Arugula
Wade Cartwright
April 22, 2011, 05:01 AM posted in General DiscussionMy Chinese tutor and I have had ZERO luck finding the Chinese term for arugula, also known as rocket plant or more formally as Eruca sativa. I know this is very abstruse, but can anyone help? Would be much appreciated. Thanks!
bababardwan
April 22, 2011, 11:58 AMhttp://zh.wikipedia.org/wiki/芝麻菜
cinnamonfern
April 22, 2011, 12:15 PMThis is a good tip - if you can't find something in the dictionaries, try reverse searching wikipedia. What I mean is, look it up in English, and then switch to the Chinese translation using the sidebar.

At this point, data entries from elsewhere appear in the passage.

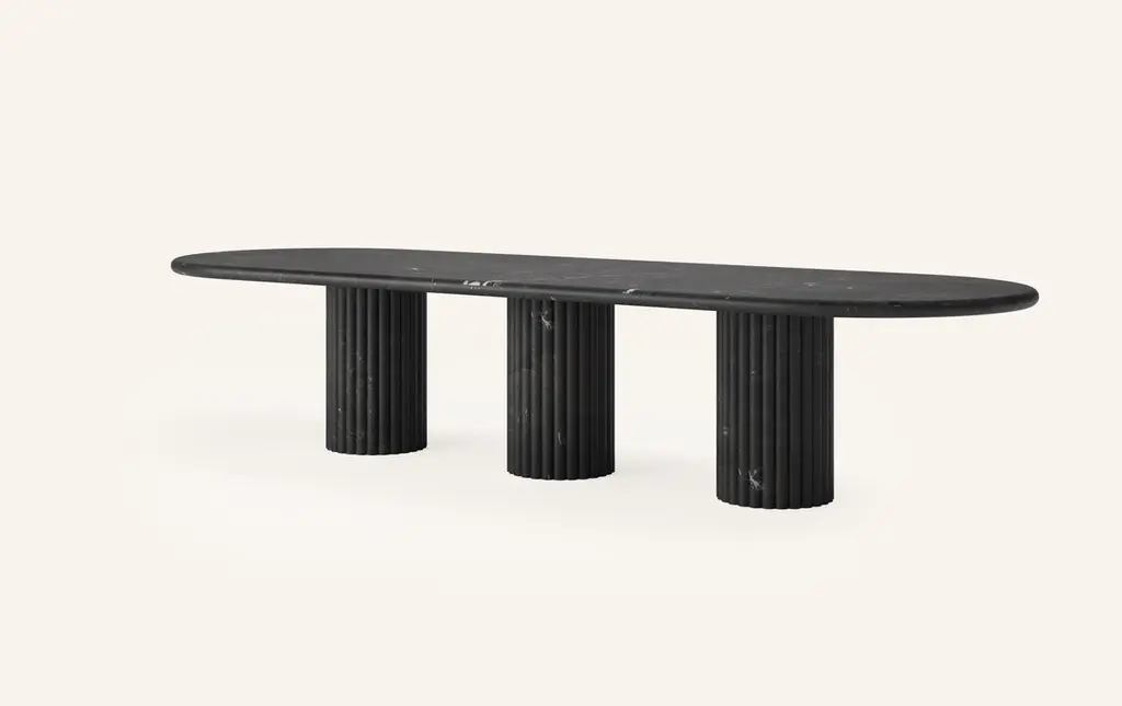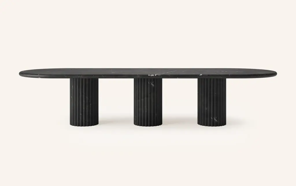 Form(la) Fluta Oval Dining Table 144”l X 48”w X 30”h Negresco Quartzite
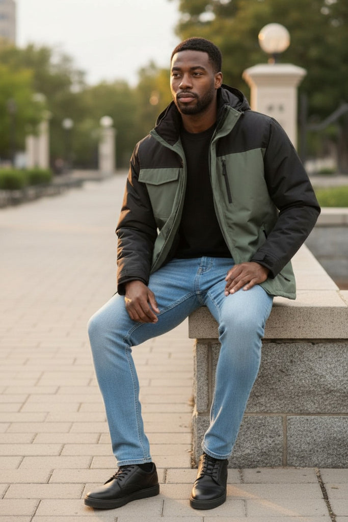 This men's green and black thick hooded jacket combines style with functionality. Designed for versatility, it offers reliable protection against the elements while maintaining a sharp, modern look. Its hood enhances weather resistance, making it ideal for outdoor activities or casual wear. The durable materials ensure long-lasting comfort and performance throughout the seasons.
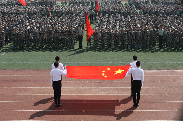校党委书记许继荣为军训旅授旗,宣布军训正式开始。

I did this to show my Chinese friends what rhubarb was. It's from China so I knew they had to know what it was! Turns out it's called 大黄. I think that's a funny name - it's not even yellow - it's red.

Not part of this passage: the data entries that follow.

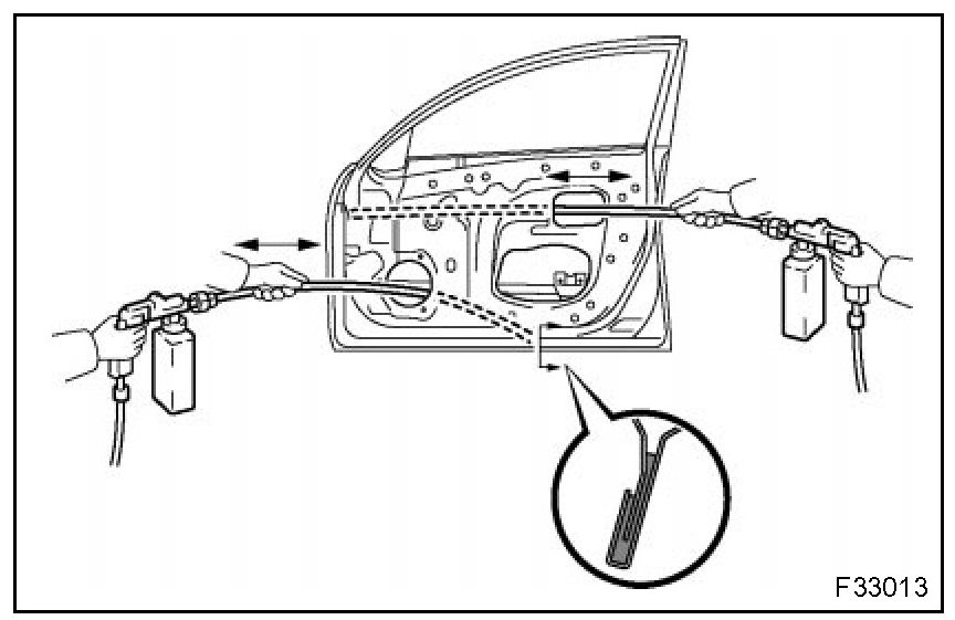 1. For water-proofing and anti-corrosion measures, always apply the body sealer to the body panel seams and hems of the doors, hood, etc.
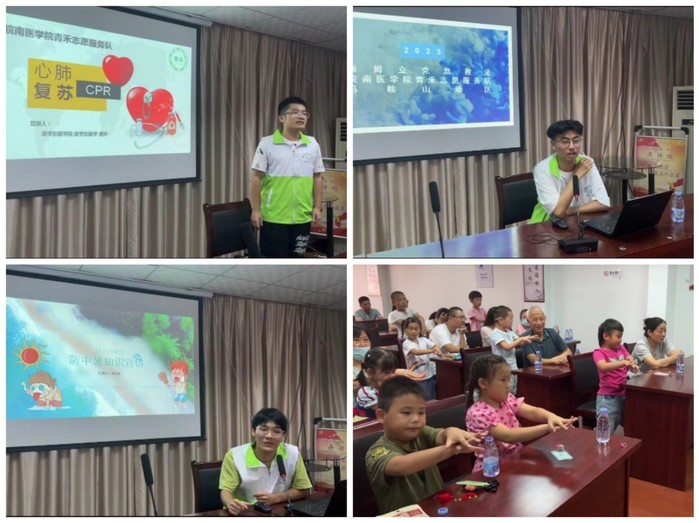 7月30日,“青禾”志愿队来到马鞍山市雨山区永泰社区开展“急救宣讲医路陪伴”主题活动。队员们分别就心肺复苏、海姆立克急救法、防暑知识、七步洗手法四个专题为家长和孩子进行讲解。活动中还设置了有奖竞答环节,小朋友们积极参与,现场气氛高涨。通过寓教于乐的形式,让家长和小朋友们掌握急救和安全防护知识。
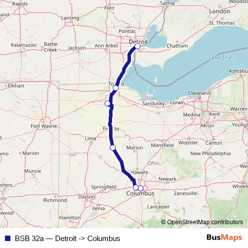 Services on the BSB 32a - Detroit -> Columbus bus stop at 16:50 on lunes, martes, miércoles, jueves, viernes, sábado, domingo.
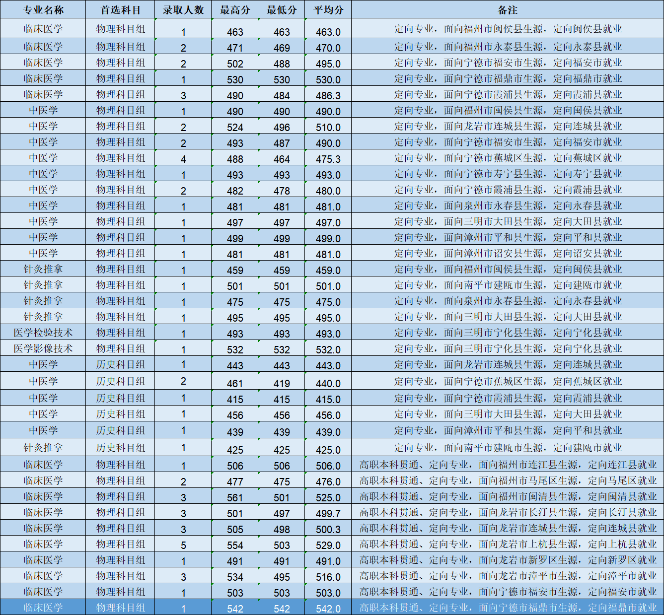 高職高專、高職本科貫通:面向戶籍在定向縣(市、區(qū))或平潭綜合實驗區(qū)并在該縣(市、區(qū))或平潭綜合實驗區(qū)報名普通高考的應往屆普通高中畢業(yè)生(不含中職畢業(yè)生、同等學力人員)。錄取工作安排在普通高校招生高職(專科)批次進行,高職本科貫通和高職(???層次分別單列院校專業(yè)代碼。

I've also used http://www.dictall.com/ to find some really odd words (like 黄麻) I needed translations for and couldn't find anywhere - I think it correlates Chinese journal titles with their English translations.
orangina
Some rhubarb is yellow. The store I used to work at sold rainbow rhubarb, which had stalks ranging from yellow to almost purple in the same bunch. We sold carrots of various colors as well. At first I was a little upset about people always having to breed for something new and exciting... then I learned that the traditional orange color is the result of selective breeding, not all the other colors. Variety is the status quo in nature, people like to standardize.

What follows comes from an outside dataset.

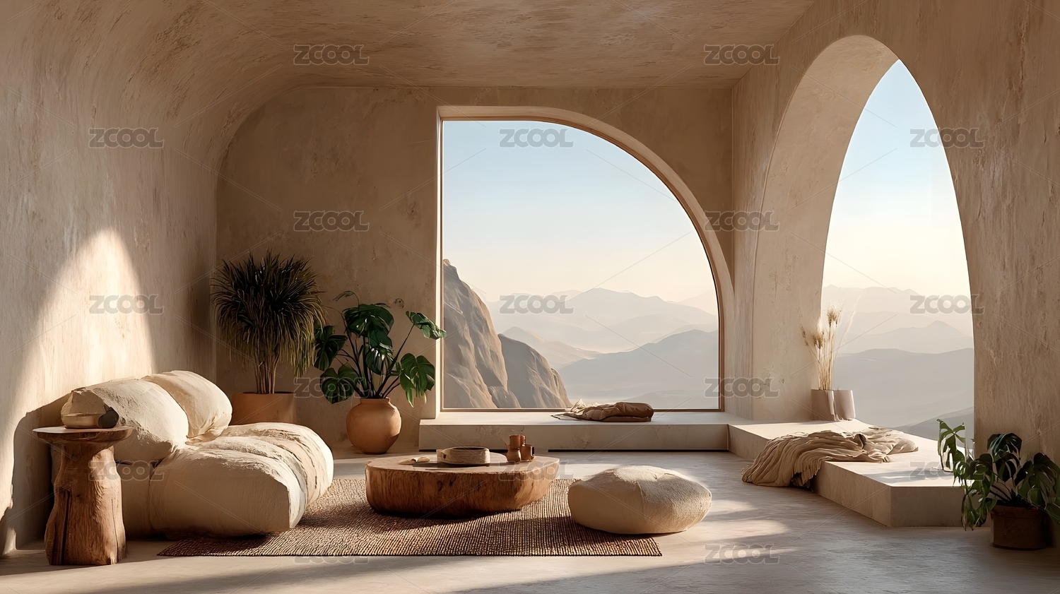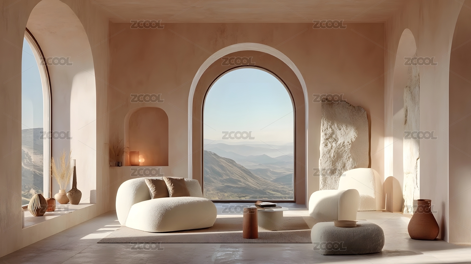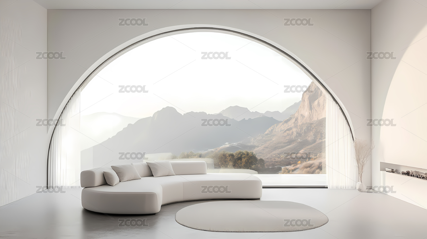 简约,现代,客厅,设计,拱形窗户,自然景观,室内装饰,舒适座椅,圆形茶几,吊灯

What I want to know is what arugula has to do with sesame... since that is what comes up in my dictionary for 芝麻sans菜.
cinnamonfern
"Variety is the status quo in nature, people like to standardize. " That is very true. Let me see if I can find a picture...nope. One of my profs for a class is a potato breeder. He had a fantastic rainbow picture of potato varieties. I can't find it. This will have to do.
John
April 22, 2011, 06:04 AMHa, my wife loves arugula. In Chinese it's 芝麻菜.